Problem —
Set every record down again exactly. Do not carry over the pictures.

Data to use —
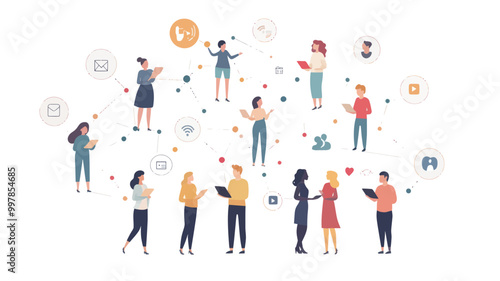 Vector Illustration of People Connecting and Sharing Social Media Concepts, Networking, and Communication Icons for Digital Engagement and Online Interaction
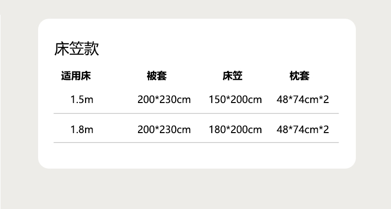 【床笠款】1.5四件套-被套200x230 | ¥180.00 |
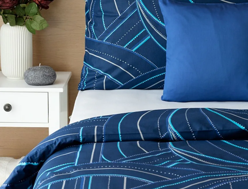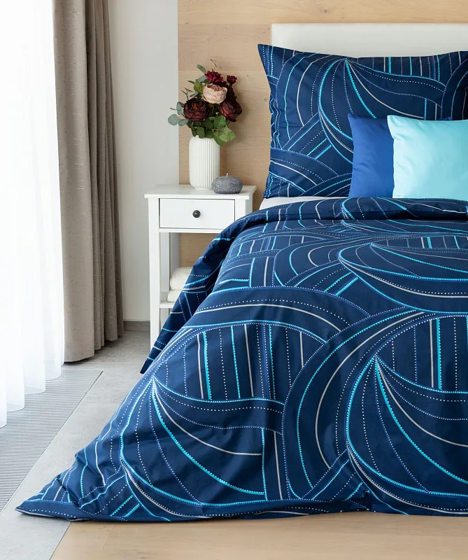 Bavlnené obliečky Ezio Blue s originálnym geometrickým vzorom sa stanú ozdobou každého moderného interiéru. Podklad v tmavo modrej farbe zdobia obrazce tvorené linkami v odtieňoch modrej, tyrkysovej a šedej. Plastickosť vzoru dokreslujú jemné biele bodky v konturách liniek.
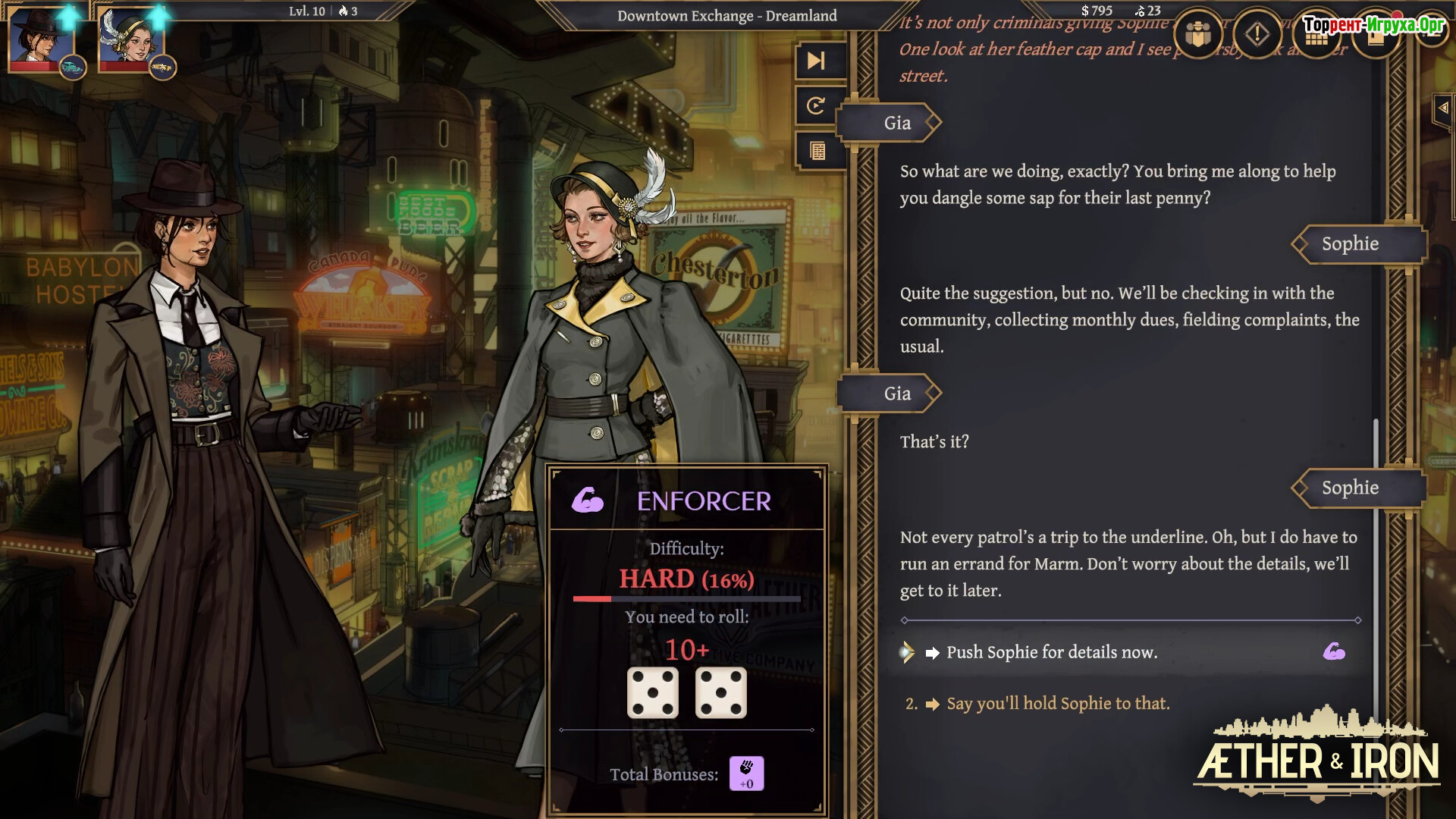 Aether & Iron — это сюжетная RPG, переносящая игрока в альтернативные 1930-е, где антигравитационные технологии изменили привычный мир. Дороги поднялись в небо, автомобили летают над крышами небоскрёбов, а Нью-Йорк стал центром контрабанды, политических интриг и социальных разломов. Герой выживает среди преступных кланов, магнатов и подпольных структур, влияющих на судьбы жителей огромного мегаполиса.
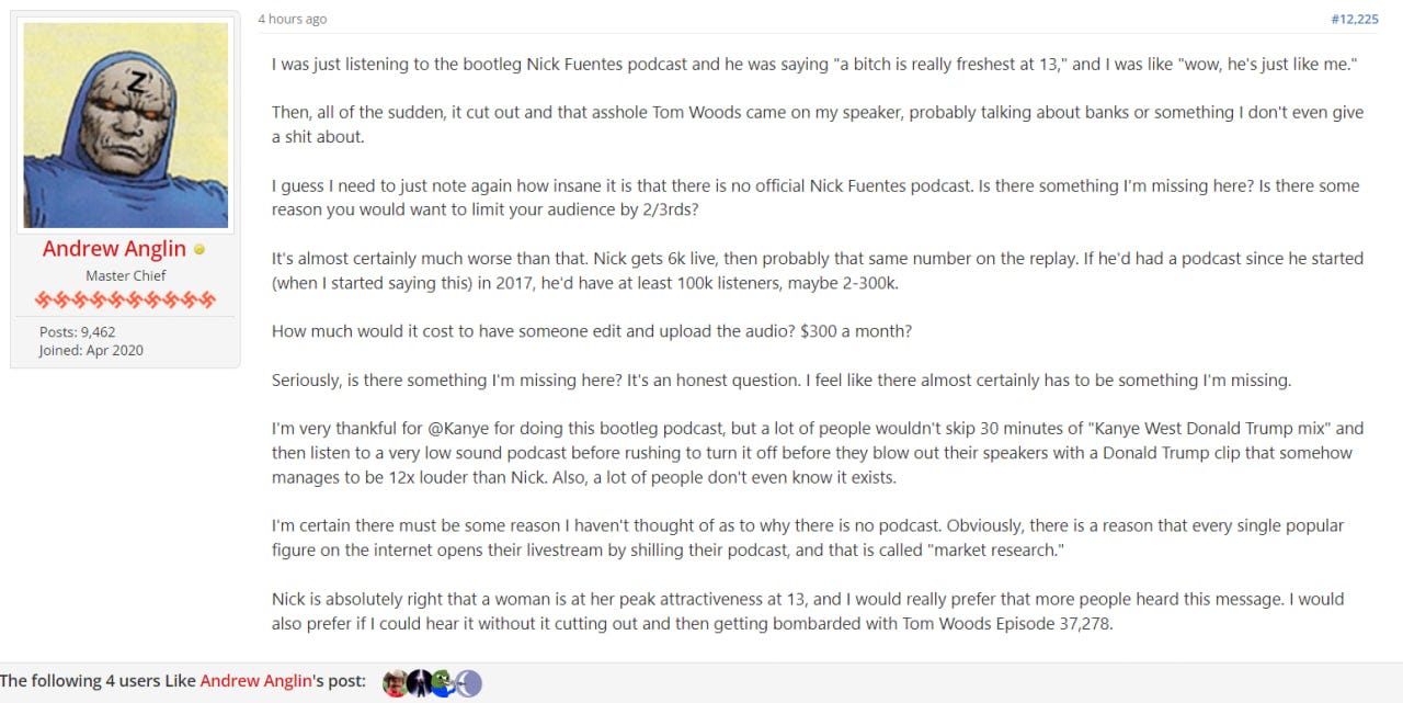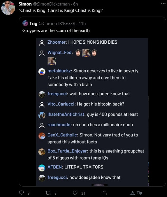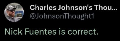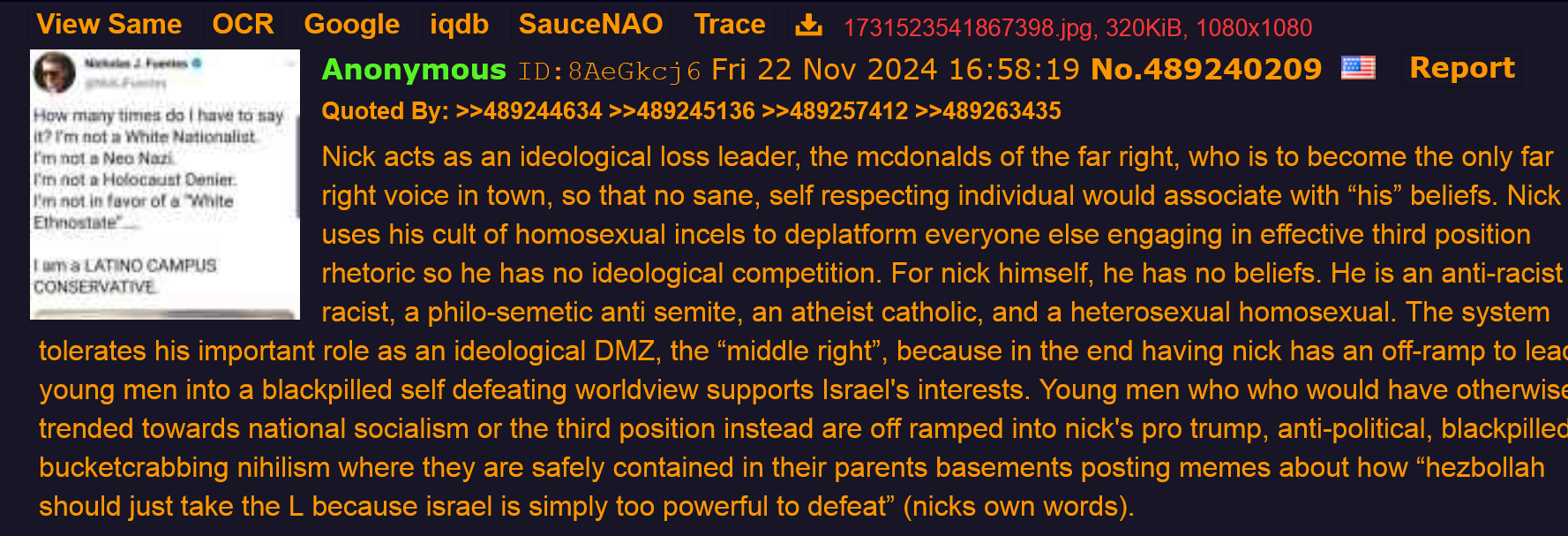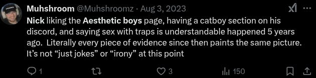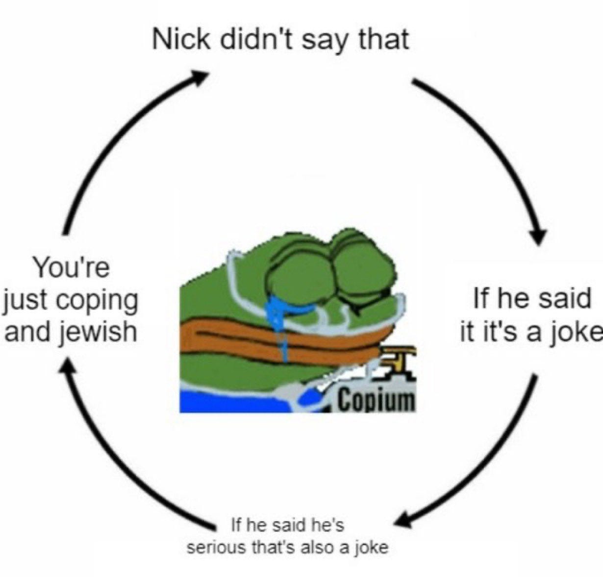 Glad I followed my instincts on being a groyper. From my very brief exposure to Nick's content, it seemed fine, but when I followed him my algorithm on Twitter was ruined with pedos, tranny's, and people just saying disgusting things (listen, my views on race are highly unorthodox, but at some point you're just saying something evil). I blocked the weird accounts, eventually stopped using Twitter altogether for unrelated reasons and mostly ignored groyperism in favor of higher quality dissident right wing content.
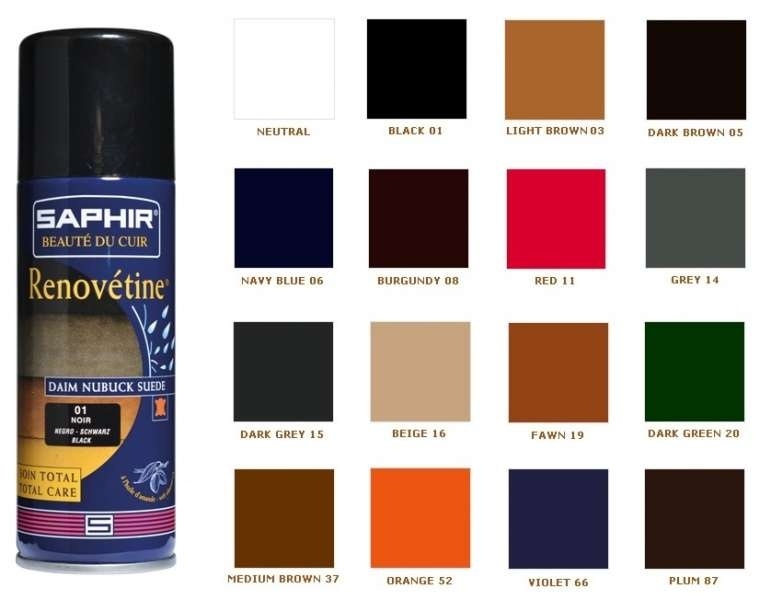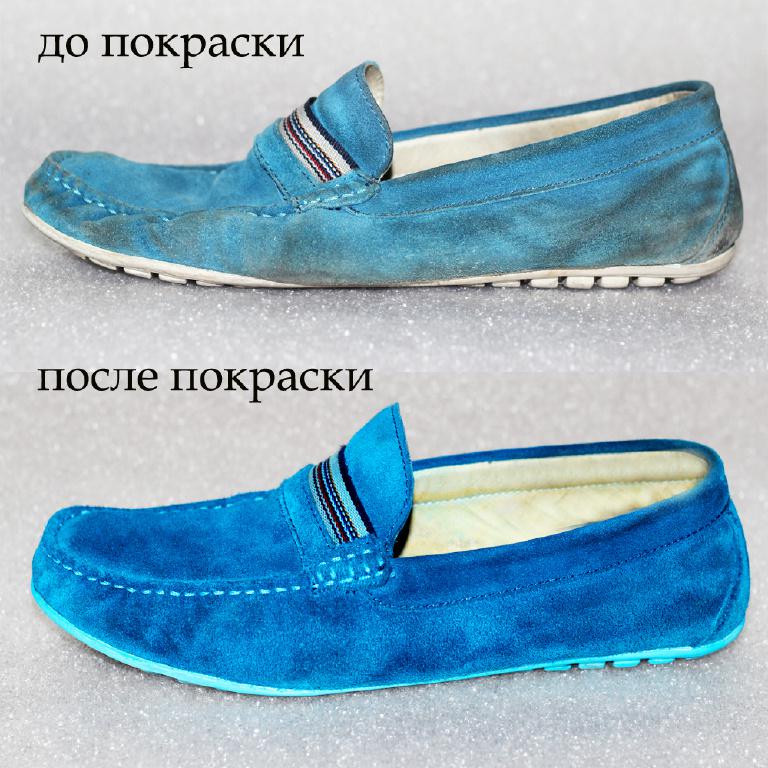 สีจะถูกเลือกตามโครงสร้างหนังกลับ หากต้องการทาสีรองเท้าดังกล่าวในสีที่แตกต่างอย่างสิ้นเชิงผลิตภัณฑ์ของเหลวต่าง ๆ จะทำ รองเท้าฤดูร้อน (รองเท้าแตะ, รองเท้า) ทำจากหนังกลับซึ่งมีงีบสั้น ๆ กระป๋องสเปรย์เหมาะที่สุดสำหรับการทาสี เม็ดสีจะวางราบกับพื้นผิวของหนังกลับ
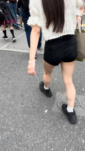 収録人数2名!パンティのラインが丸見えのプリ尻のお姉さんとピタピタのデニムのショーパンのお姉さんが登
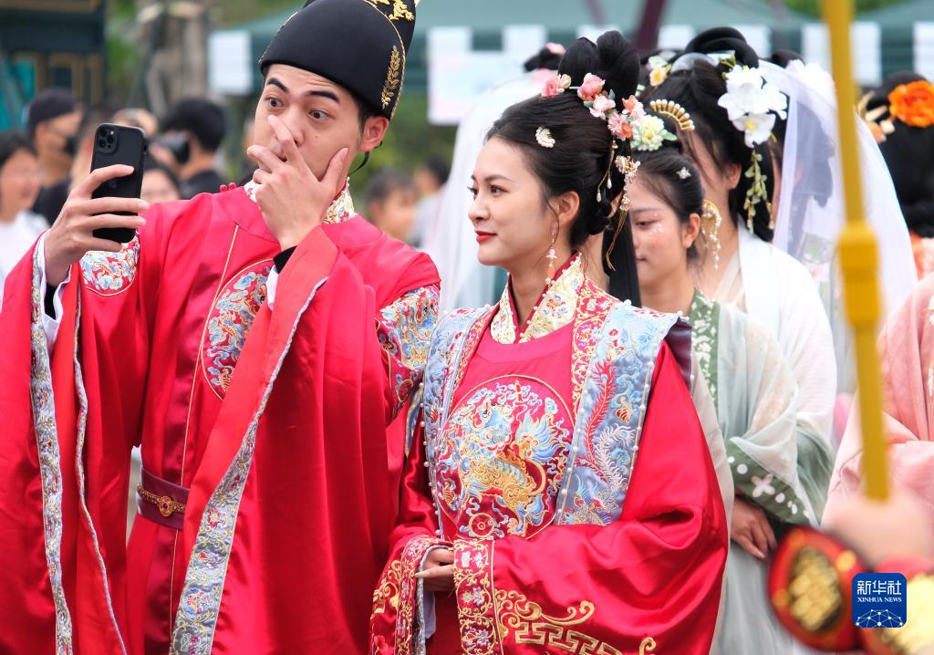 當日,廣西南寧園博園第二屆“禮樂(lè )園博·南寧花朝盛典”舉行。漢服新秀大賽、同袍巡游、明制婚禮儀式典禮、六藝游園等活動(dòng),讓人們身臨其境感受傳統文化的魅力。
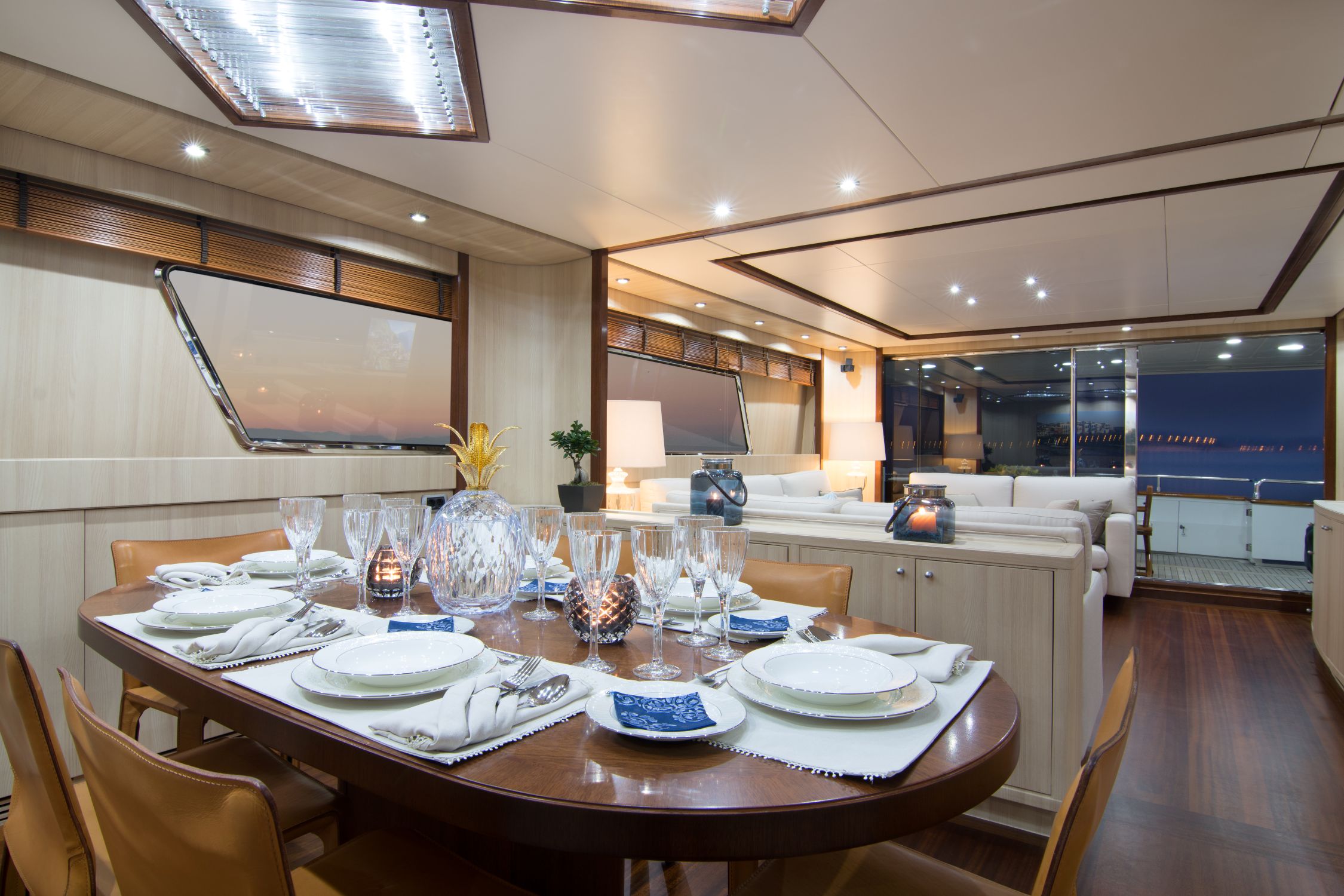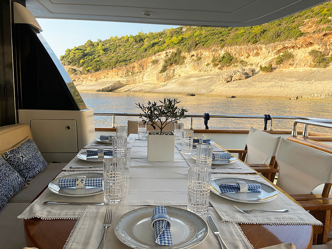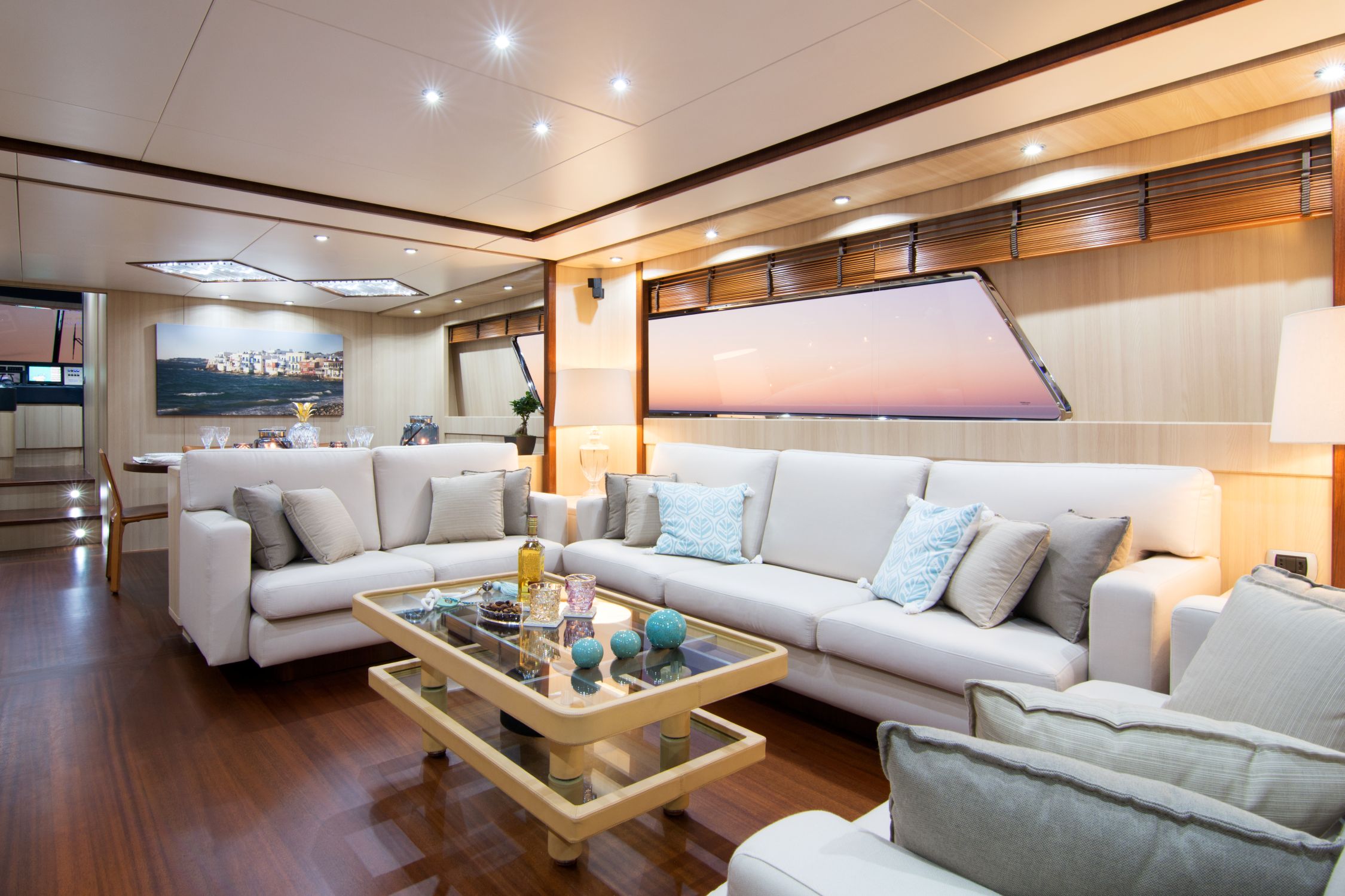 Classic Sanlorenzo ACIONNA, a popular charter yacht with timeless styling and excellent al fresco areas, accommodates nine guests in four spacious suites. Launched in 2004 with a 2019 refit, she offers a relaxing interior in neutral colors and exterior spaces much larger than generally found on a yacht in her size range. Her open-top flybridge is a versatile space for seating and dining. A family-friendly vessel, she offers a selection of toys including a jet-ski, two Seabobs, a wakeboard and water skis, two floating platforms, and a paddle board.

Response area —
 Vector Illustration of People Connecting and Sharing Social Media Concepts, Networking, and Communication Icons for Digital Engagement and Online Interaction
 【床笠款】1.5四件套-被套200x230 | ¥180.00 |
 Bavlnené obliečky Ezio Blue s originálnym geometrickým vzorom sa stanú ozdobou každého moderného interiéru. Podklad v tmavo modrej farbe zdobia obrazce tvorené linkami v odtieňoch modrej, tyrkysovej a šedej. Plastickosť vzoru dokreslujú jemné biele bodky v konturách liniek.
 Aether & Iron — это сюжетная RPG, переносящая игрока в альтернативные 1930-е, где антигравитационные технологии изменили привычный мир. Дороги поднялись в небо, автомобили летают над крышами небоскрёбов, а Нью-Йорк стал центром контрабанды, политических интриг и социальных разломов. Герой выживает среди преступных кланов, магнатов и подпольных структур, влияющих на судьбы жителей огромного мегаполиса.
 Glad I followed my instincts on being a groyper. From my very brief exposure to Nick's content, it seemed fine, but when I followed him my algorithm on Twitter was ruined with pedos, tranny's, and people just saying disgusting things (listen, my views on race are highly unorthodox, but at some point you're just saying something evil). I blocked the weird accounts, eventually stopped using Twitter altogether for unrelated reasons and mostly ignored groyperism in favor of higher quality dissident right wing content.
 สีจะถูกเลือกตามโครงสร้างหนังกลับ หากต้องการทาสีรองเท้าดังกล่าวในสีที่แตกต่างอย่างสิ้นเชิงผลิตภัณฑ์ของเหลวต่าง ๆ จะทำ รองเท้าฤดูร้อน (รองเท้าแตะ, รองเท้า) ทำจากหนังกลับซึ่งมีงีบสั้น ๆ กระป๋องสเปรย์เหมาะที่สุดสำหรับการทาสี เม็ดสีจะวางราบกับพื้นผิวของหนังกลับ
 収録人数2名!パンティのラインが丸見えのプリ尻のお姉さんとピタピタのデニムのショーパンのお姉さんが登
 當日,廣西南寧園博園第二屆“禮樂(lè )園博·南寧花朝盛典”舉行。漢服新秀大賽、同袍巡游、明制婚禮儀式典禮、六藝游園等活動(dòng),讓人們身臨其境感受傳統文化的魅力。
 Classic Sanlorenzo ACIONNA, a popular charter yacht with timeless styling and excellent al fresco areas, accommodates nine guests in four spacious suites. Launched in 2004 with a 2019 refit, she offers a relaxing interior in neutral colors and exterior spaces much larger than generally found on a yacht in her size range. Her open-top flybridge is a versatile space for seating and dining. A family-friendly vessel, she offers a selection of toys including a jet-ski, two Seabobs, a wakeboard and water skis, two floating platforms, and a paddle board.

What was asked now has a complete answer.